* _EXERCISE BRIEF_
With pictures left out, write out exactly every line from the start of the data through the one that contains "でね、凜には日陰で涼んでもら".

[[ DATA FOR PROCESSING open ]]

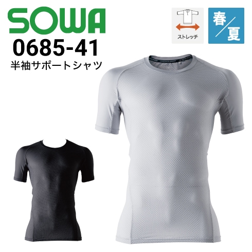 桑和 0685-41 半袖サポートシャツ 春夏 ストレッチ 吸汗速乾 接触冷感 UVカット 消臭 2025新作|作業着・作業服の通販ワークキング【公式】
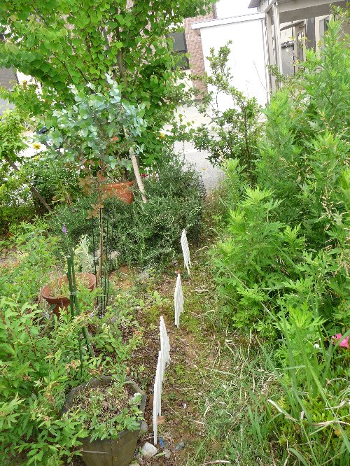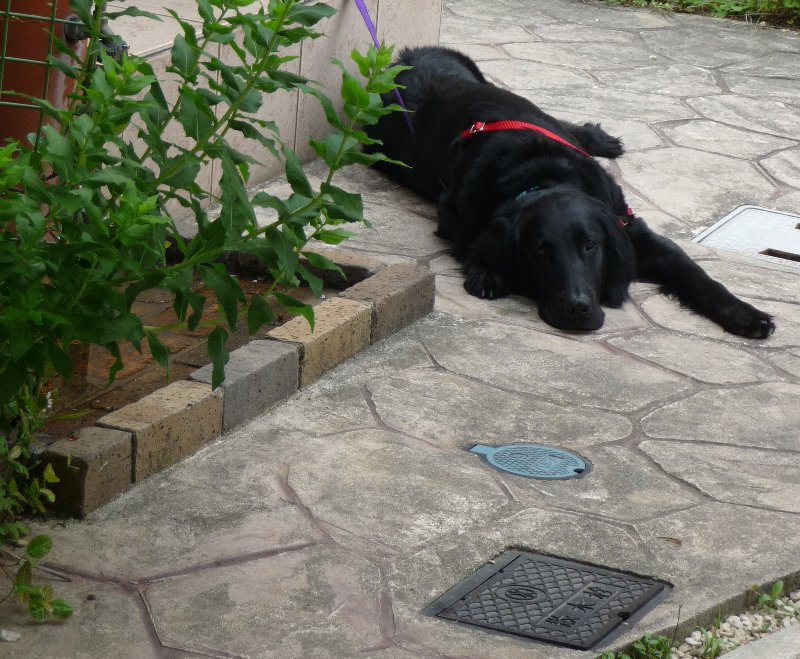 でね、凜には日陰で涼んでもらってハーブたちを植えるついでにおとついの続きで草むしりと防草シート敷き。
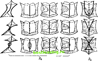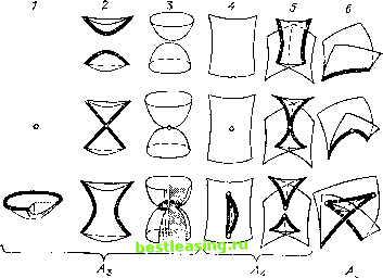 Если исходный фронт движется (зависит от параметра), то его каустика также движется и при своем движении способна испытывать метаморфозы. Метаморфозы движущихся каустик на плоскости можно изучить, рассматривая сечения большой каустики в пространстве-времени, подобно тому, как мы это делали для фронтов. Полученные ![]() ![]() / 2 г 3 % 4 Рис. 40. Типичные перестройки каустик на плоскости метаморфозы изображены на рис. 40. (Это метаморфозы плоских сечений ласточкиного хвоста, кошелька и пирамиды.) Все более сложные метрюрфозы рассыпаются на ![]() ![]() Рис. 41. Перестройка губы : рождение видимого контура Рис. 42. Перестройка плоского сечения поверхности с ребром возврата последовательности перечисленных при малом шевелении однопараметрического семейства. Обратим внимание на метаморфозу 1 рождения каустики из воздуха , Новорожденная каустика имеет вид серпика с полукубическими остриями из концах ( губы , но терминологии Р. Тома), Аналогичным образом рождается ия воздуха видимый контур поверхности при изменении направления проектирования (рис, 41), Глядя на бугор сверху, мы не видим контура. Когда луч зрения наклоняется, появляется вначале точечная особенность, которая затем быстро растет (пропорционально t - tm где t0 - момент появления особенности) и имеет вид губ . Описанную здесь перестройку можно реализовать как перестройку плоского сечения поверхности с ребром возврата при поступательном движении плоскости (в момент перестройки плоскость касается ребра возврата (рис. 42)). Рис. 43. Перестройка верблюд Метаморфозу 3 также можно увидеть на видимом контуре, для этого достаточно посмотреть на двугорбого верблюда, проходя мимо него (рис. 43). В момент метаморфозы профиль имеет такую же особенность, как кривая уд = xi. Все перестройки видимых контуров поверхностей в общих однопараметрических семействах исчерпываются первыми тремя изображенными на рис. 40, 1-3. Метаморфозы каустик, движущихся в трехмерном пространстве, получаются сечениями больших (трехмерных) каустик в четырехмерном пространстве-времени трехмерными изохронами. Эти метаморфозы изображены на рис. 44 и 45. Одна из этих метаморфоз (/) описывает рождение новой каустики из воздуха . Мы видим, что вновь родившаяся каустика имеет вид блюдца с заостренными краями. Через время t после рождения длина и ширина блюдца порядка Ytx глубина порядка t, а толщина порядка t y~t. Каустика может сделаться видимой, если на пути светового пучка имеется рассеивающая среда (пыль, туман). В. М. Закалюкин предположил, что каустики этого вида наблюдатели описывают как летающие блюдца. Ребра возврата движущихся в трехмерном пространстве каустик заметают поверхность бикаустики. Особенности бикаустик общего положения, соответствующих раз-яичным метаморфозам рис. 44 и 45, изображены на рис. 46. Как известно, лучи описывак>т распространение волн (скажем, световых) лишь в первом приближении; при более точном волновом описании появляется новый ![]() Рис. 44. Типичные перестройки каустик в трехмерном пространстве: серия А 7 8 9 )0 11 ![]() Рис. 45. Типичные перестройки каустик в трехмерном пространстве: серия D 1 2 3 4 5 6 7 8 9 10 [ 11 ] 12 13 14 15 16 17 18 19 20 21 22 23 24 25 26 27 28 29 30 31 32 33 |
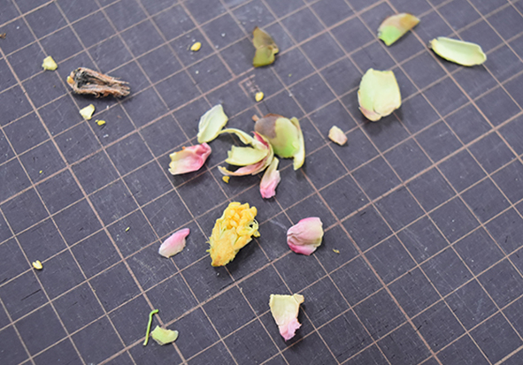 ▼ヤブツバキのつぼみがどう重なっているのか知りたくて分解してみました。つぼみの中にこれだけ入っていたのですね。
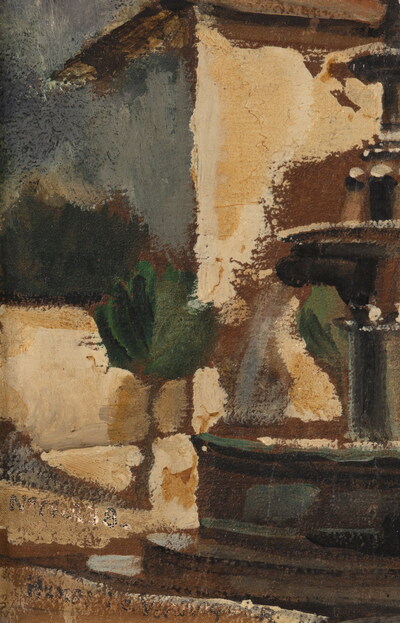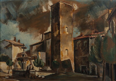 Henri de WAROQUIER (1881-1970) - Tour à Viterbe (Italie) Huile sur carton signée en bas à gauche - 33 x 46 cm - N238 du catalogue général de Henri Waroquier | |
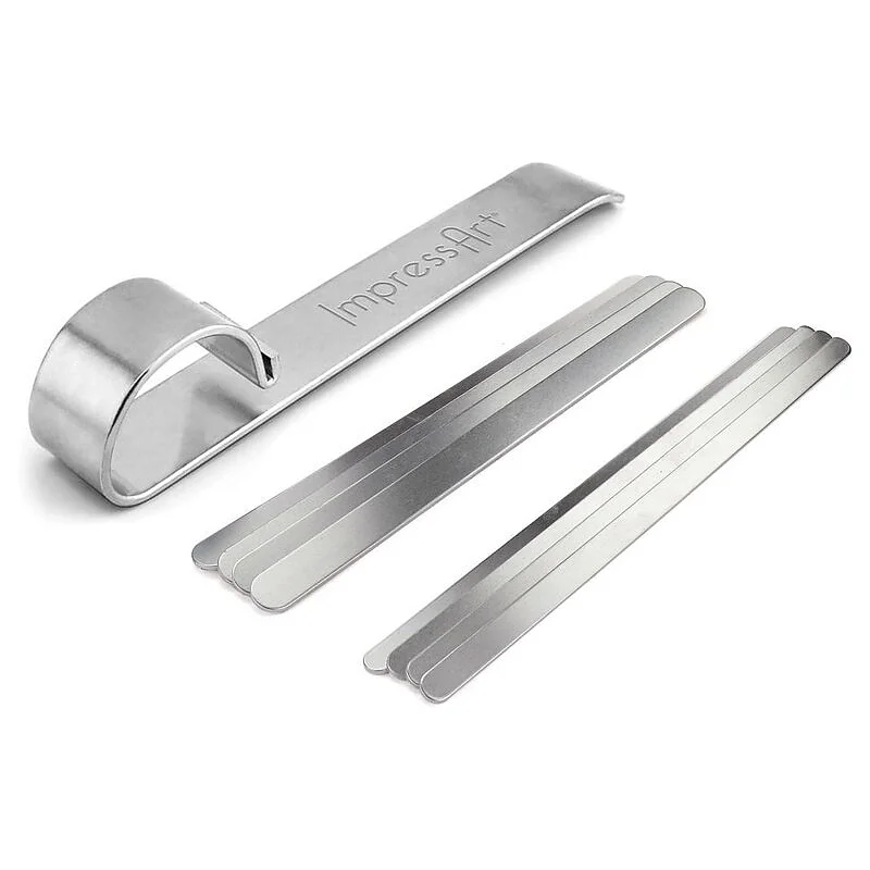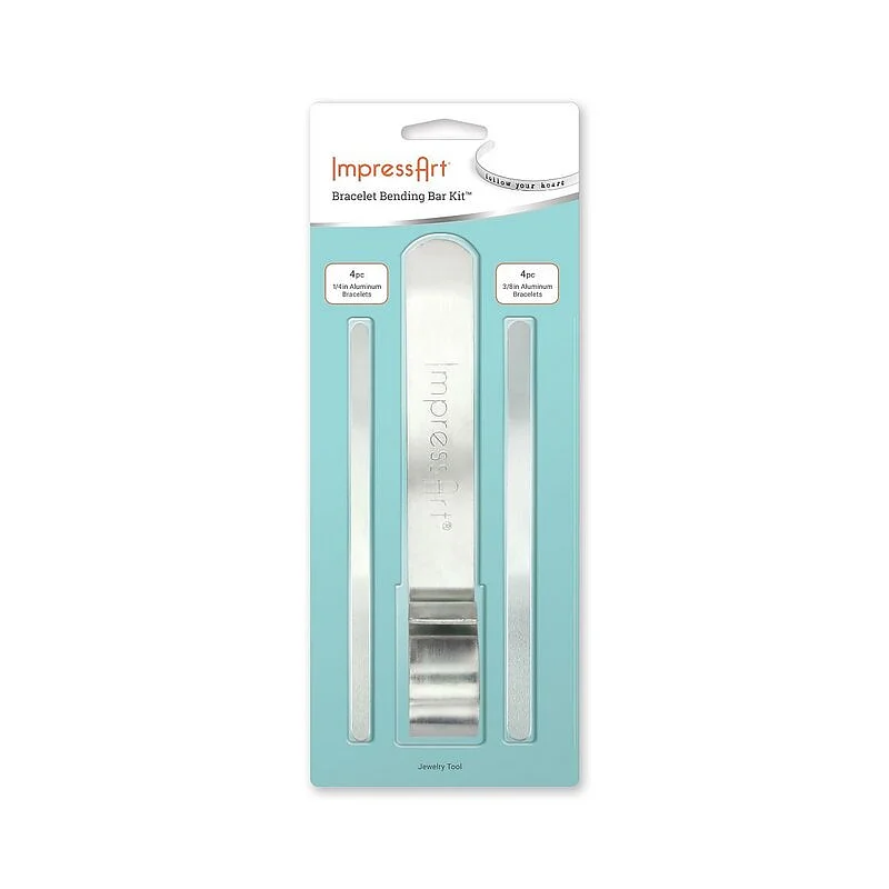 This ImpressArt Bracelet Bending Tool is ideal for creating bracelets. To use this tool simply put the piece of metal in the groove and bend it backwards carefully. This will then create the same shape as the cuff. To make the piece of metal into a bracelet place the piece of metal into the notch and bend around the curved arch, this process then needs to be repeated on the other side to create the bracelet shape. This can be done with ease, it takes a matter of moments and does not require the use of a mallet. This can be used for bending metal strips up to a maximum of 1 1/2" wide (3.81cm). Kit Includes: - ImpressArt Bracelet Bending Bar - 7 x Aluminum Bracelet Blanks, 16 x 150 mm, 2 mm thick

[[ DATA FOR PROCESSING closed ]]

* _TASK OUTPUT_
 桑和 0685-41 半袖サポートシャツ 春夏 ストレッチ 吸汗速乾 接触冷感 UVカット 消臭 2025新作|作業着・作業服の通販ワークキング【公式】
 でね、凜には日陰で涼んでもらってハーブたちを植えるついでにおとついの続きで草むしりと防草シート敷き。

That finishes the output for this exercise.